Time versus memory using Java hash tables

This article illustrates the so-called. speed and memory tradeoff — a rule that runs in many areas of CS — using different implementations of hash tables in Java as an example. The more memory a hash table takes, the faster operations are performed on it (for example, taking a value by key).

How to measure

We tested hash maps with intovy keys and values.

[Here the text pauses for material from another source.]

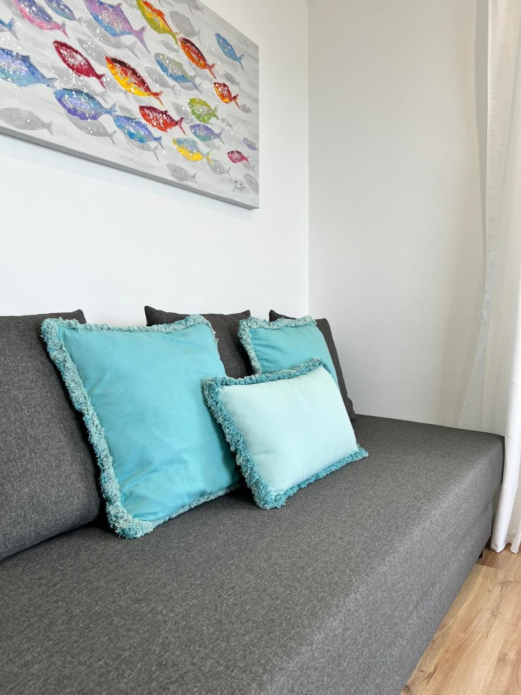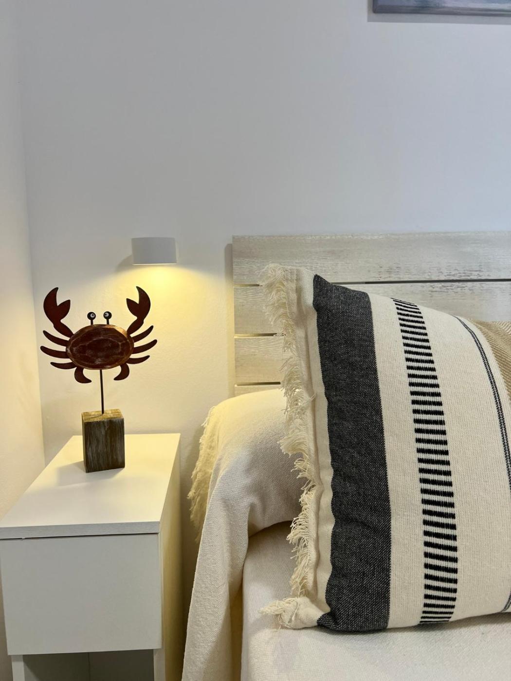 El apartamento cuenta con 2 dormitorios, 1 baño, ropa de cama, toallas, TV de pantalla plana, zona de comedor, cocina totalmente equipada y terraza con vistas al mar.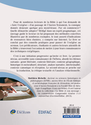Pour de nombreux lecteurs de la Bible à qui l’on demande de « faire l’exégèse » d’un passage de l’Ancien Testament, la consigne donnée demeure quelque peu mystérieuse. Par où commencer ? Quelle démarche adopter ? Rédigé dans un esprit pragmatique, cet ouvrage guide le lecteur en lui proposant des méthodes concrètes illustrées par de nombreux exemples, le tout assorti d’indications de ressources bien choisies, y compris sur Internet. Le livre se conclut par des conseils pratiques pour passer de l’exégèse au sermon. Les prédicateurs, étudiants et autres lecteurs attentifs de la Bible y trouveront l’occasion de mettre à jour leurs connaissances des techniques exégétiques.

A measure of memory use is the relative amount of memory additionally occupied in excess of the theoretical minimum for a given size map. For example, 1000 intovy key-value pairs occupy (4 (inta size) + 4) * 1000 = 8000 bytes. If a map of this size occupies 20,000 bytes, its measure of memory usage will be (20,000 - 8,000) / 8,000 = 1.5.
')
Each implementation was tested at 9 load factors. Each implementation at each level was run on 10 sizes, logarithmically evenly distributed between 1000 and 10 000 000. Then the memory utilization figures and average operation times were independently averaged: by the three smallest sizes (“small sizes” on the charts), the three largest (large sizes ) and all ten from 1000 to 10 000 000 (all sizes).

Implementations:

Higher Frequency Trading Collections (HFTC)
High Performance Primitive Collections (HPPC)
fastutil collections
Goldman Sachs Collections (GS)
Trove collections
Mahout Collections
java.util.HashMap for comparison. All other implementations are primitive specializations, and HashMap bauxite values, so the comparison is notoriously unfair, but nonetheless.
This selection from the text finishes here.